● **What is required**: Restate word for word the section of the entries that opens at the line containing "Junte a bebida" and closes at the line containing "7月27日报道,美国参议院2", both lines kept, pictures dropped.

● **Exercise data**:
—————
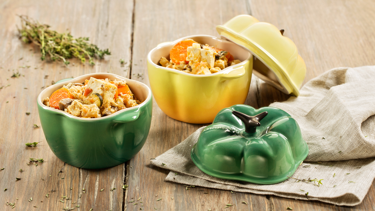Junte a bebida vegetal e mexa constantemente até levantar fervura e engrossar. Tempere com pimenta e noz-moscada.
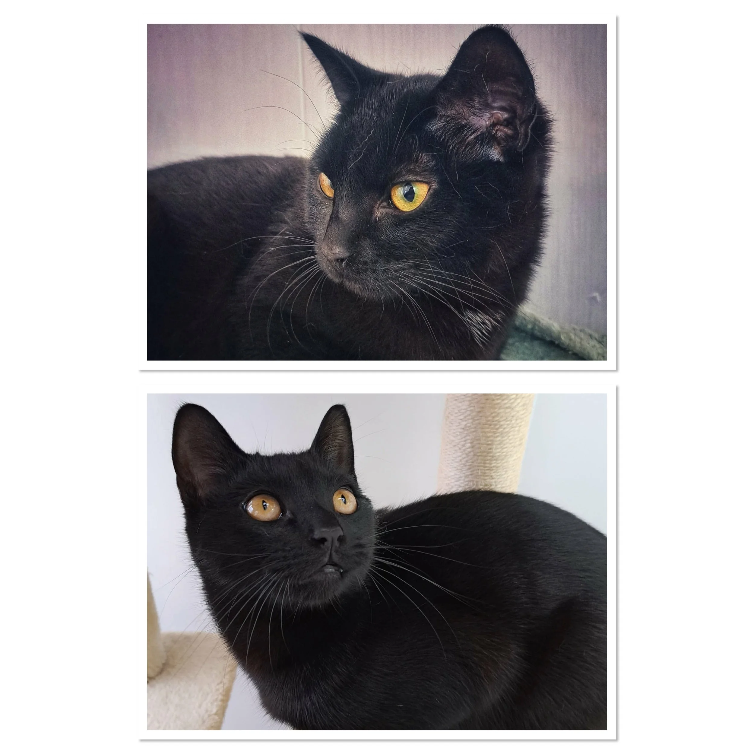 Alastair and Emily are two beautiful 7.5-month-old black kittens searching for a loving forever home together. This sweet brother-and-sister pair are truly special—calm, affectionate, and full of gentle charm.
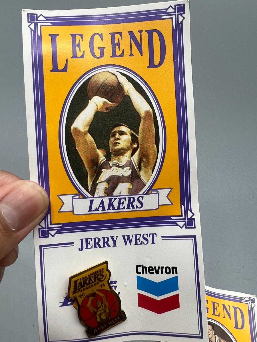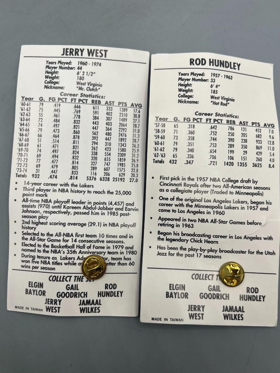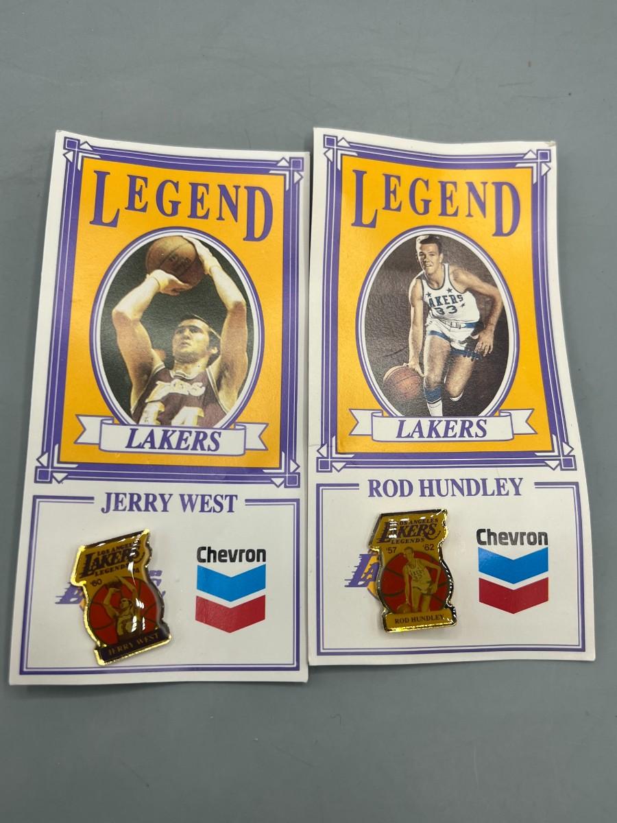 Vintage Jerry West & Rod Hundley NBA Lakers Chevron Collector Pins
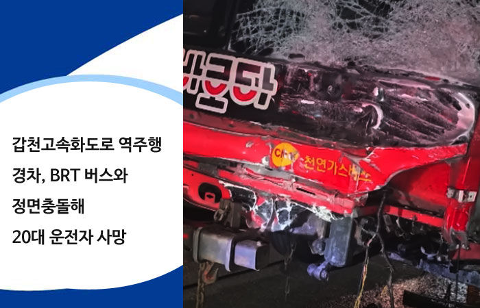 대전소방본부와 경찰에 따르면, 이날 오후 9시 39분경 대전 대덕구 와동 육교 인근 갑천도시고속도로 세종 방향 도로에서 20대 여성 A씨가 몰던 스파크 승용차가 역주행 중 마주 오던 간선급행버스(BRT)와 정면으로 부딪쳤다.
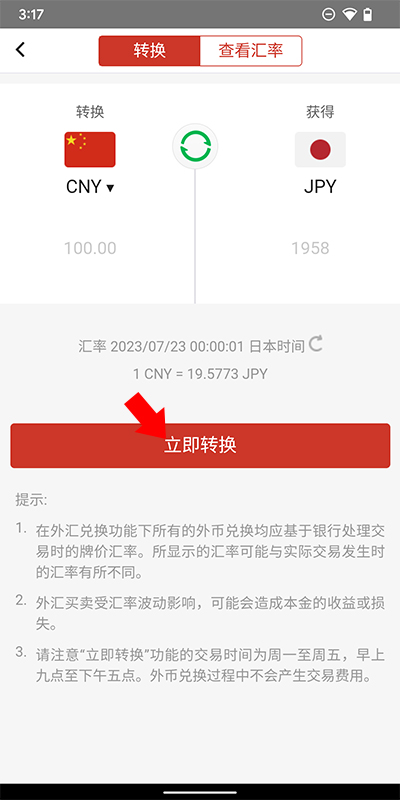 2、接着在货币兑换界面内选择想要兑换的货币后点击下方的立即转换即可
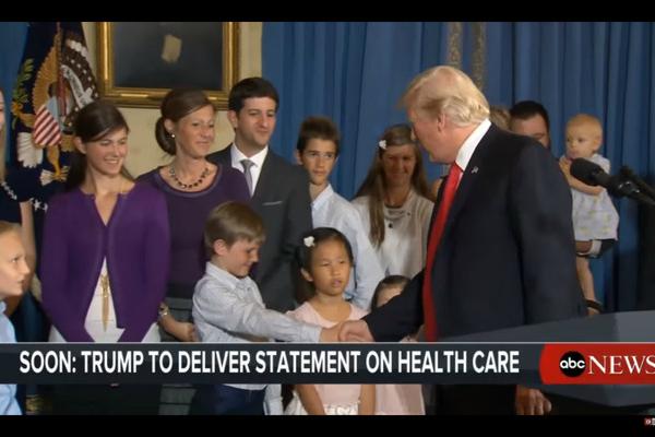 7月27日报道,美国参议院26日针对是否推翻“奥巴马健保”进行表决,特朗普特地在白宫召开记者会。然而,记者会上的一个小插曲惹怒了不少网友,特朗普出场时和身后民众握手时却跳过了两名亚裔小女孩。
—————
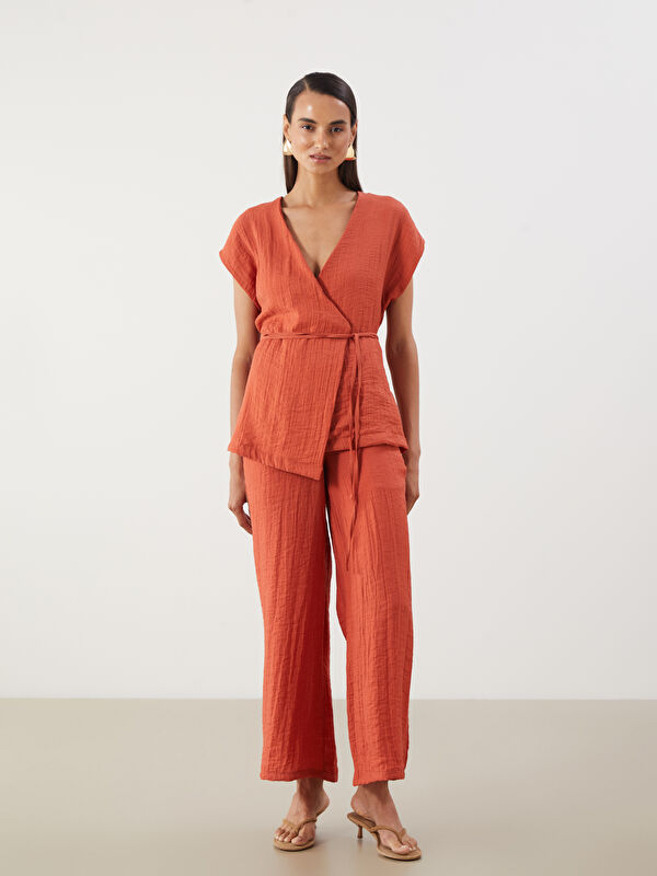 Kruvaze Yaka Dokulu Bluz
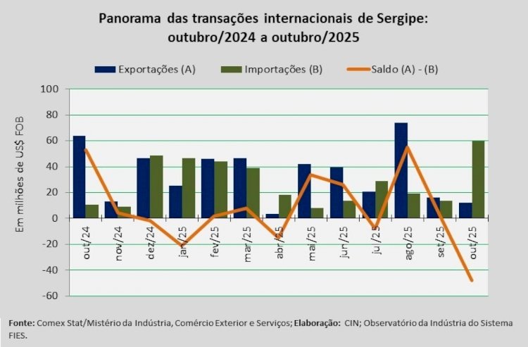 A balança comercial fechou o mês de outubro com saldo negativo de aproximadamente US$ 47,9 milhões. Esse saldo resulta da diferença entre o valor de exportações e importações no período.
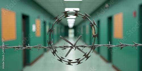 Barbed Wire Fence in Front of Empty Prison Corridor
—————
● **Response to this exercise**:
Junte a bebida vegetal e mexa constantemente até levantar fervura e engrossar. Tempere com pimenta e noz-moscada.
 Alastair and Emily are two beautiful 7.5-month-old black kittens searching for a loving forever home together. This sweet brother-and-sister pair are truly special—calm, affectionate, and full of gentle charm.
 Vintage Jerry West & Rod Hundley NBA Lakers Chevron Collector Pins
 대전소방본부와 경찰에 따르면, 이날 오후 9시 39분경 대전 대덕구 와동 육교 인근 갑천도시고속도로 세종 방향 도로에서 20대 여성 A씨가 몰던 스파크 승용차가 역주행 중 마주 오던 간선급행버스(BRT)와 정면으로 부딪쳤다.
 2、接着在货币兑换界面内选择想要兑换的货币后点击下方的立即转换即可
 7月27日报道,美国参议院26日针对是否推翻“奥巴马健保”进行表决,特朗普特地在白宫召开记者会。然而,记者会上的一个小插曲惹怒了不少网友,特朗普出场时和身后民众握手时却跳过了两名亚裔小女孩。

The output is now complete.